### [What to do]
In the entries below, find the line with "Milano-Cortina, prezzi folli" and the line with "Heavy Yellow Designer"; copy them and every line between them exactly, but not the pictures.

### [Provided entries]
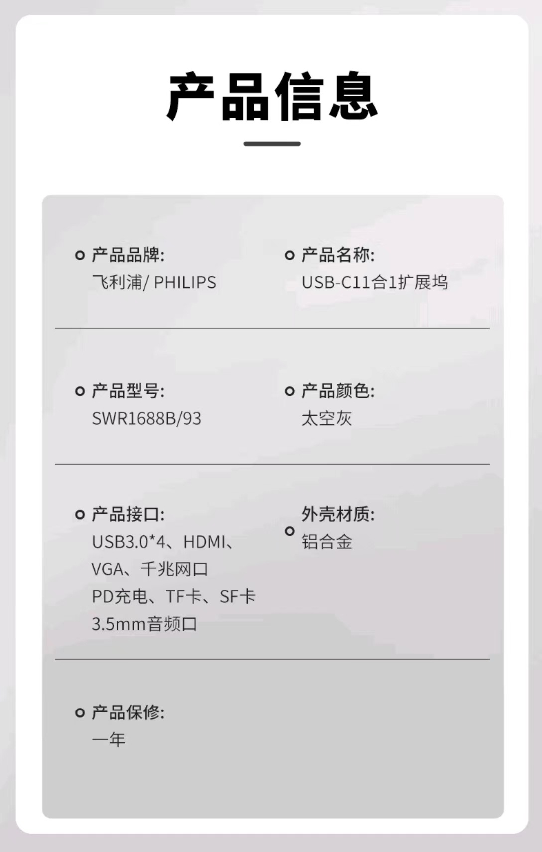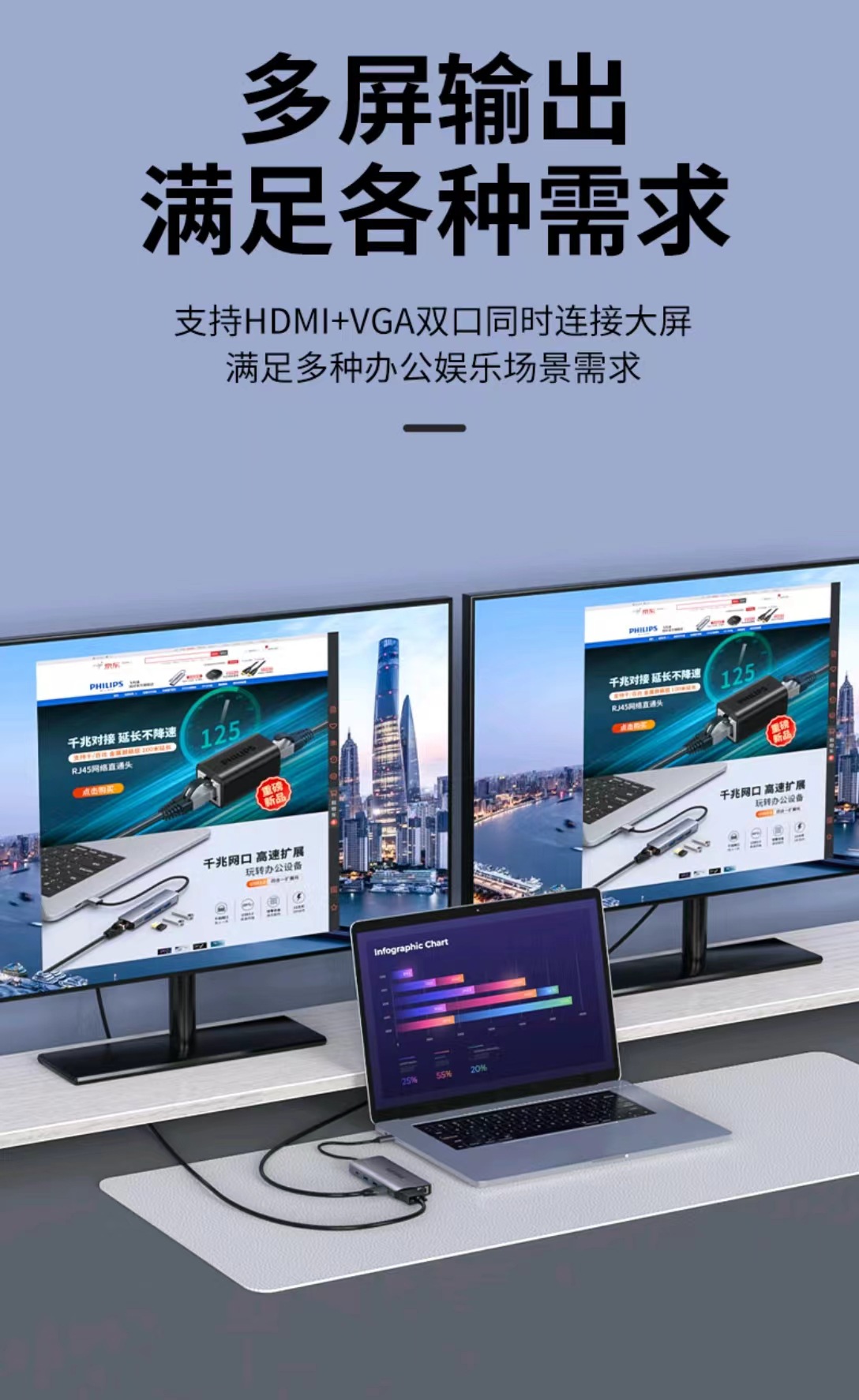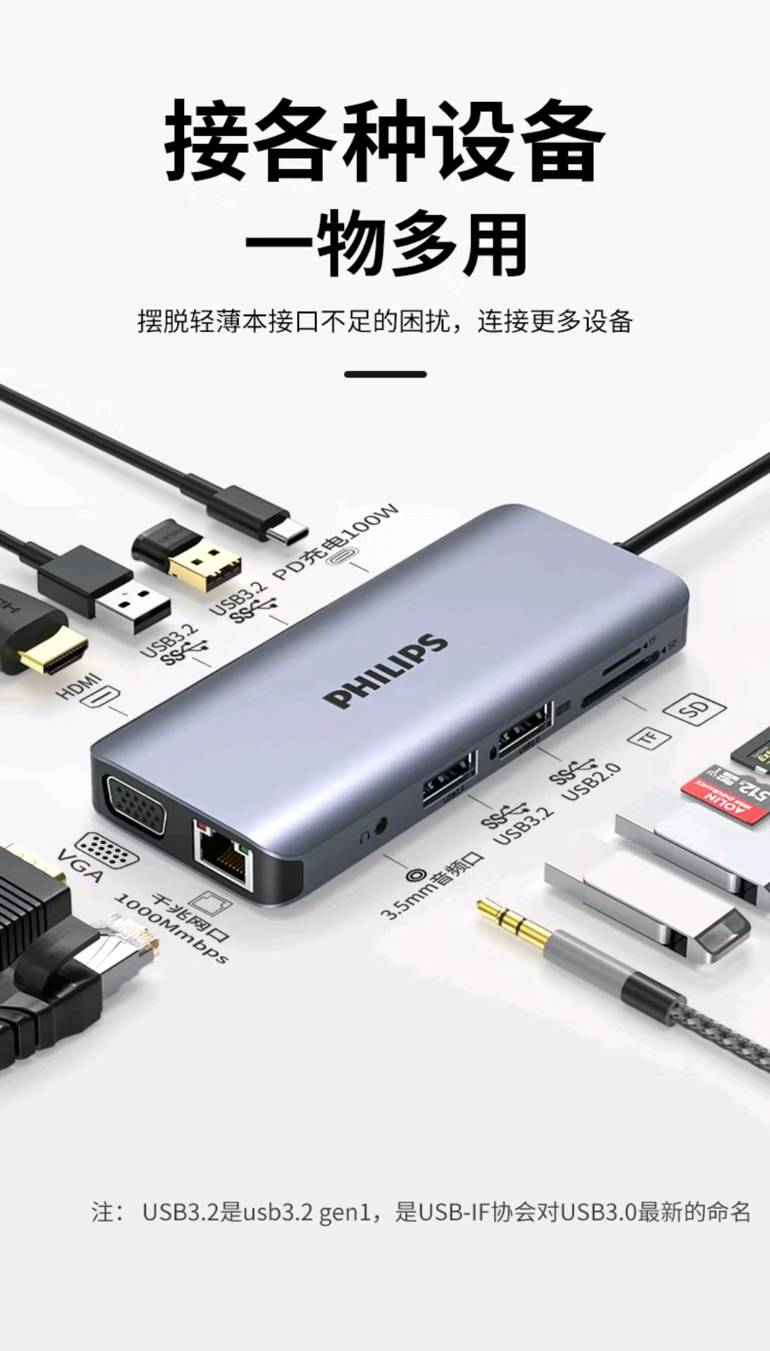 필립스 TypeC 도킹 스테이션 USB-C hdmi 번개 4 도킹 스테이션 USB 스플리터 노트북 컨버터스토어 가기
--
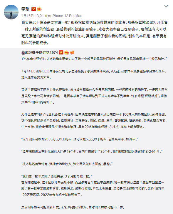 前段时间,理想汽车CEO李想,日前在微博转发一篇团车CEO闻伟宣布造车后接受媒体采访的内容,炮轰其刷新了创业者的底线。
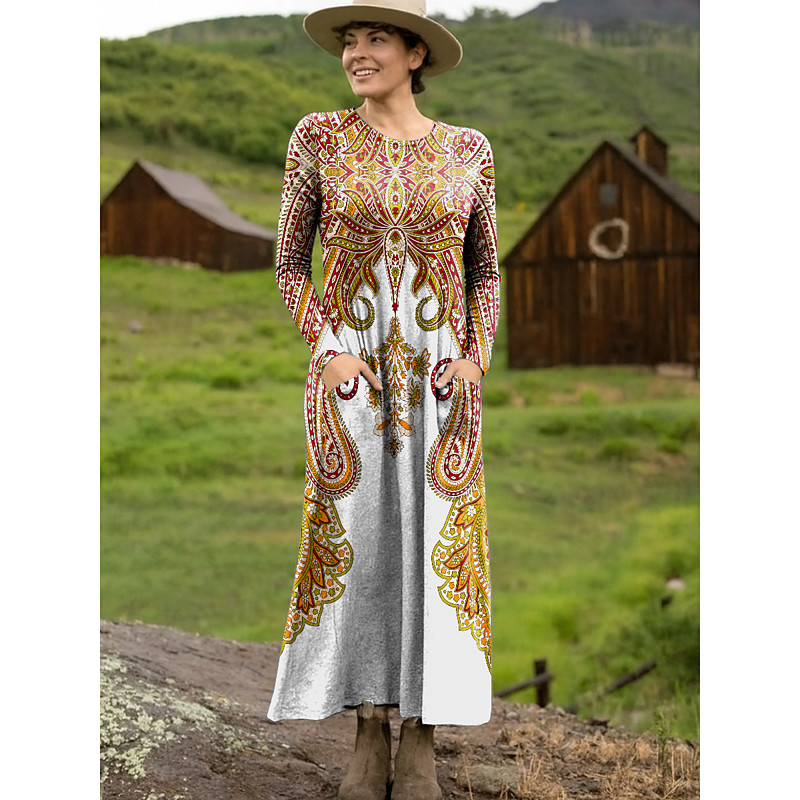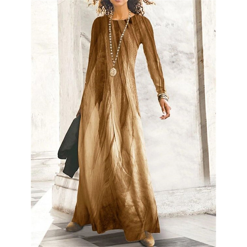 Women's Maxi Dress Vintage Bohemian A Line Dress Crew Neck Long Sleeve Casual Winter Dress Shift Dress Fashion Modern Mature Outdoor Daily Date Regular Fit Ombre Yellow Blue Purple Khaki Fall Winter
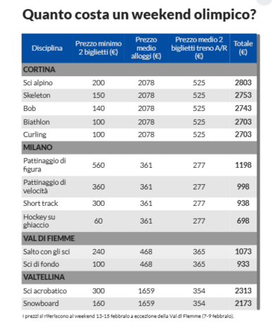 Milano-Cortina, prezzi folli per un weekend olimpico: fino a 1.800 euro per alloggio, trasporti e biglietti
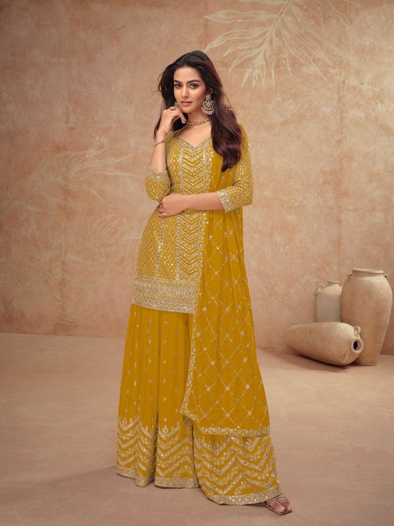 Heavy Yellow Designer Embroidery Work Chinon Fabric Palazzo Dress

### [Reply]
 Milano-Cortina, prezzi folli per un weekend olimpico: fino a 1.800 euro per alloggio, trasporti e biglietti
 Heavy Yellow Designer Embroidery Work Chinon Fabric Palazzo Dress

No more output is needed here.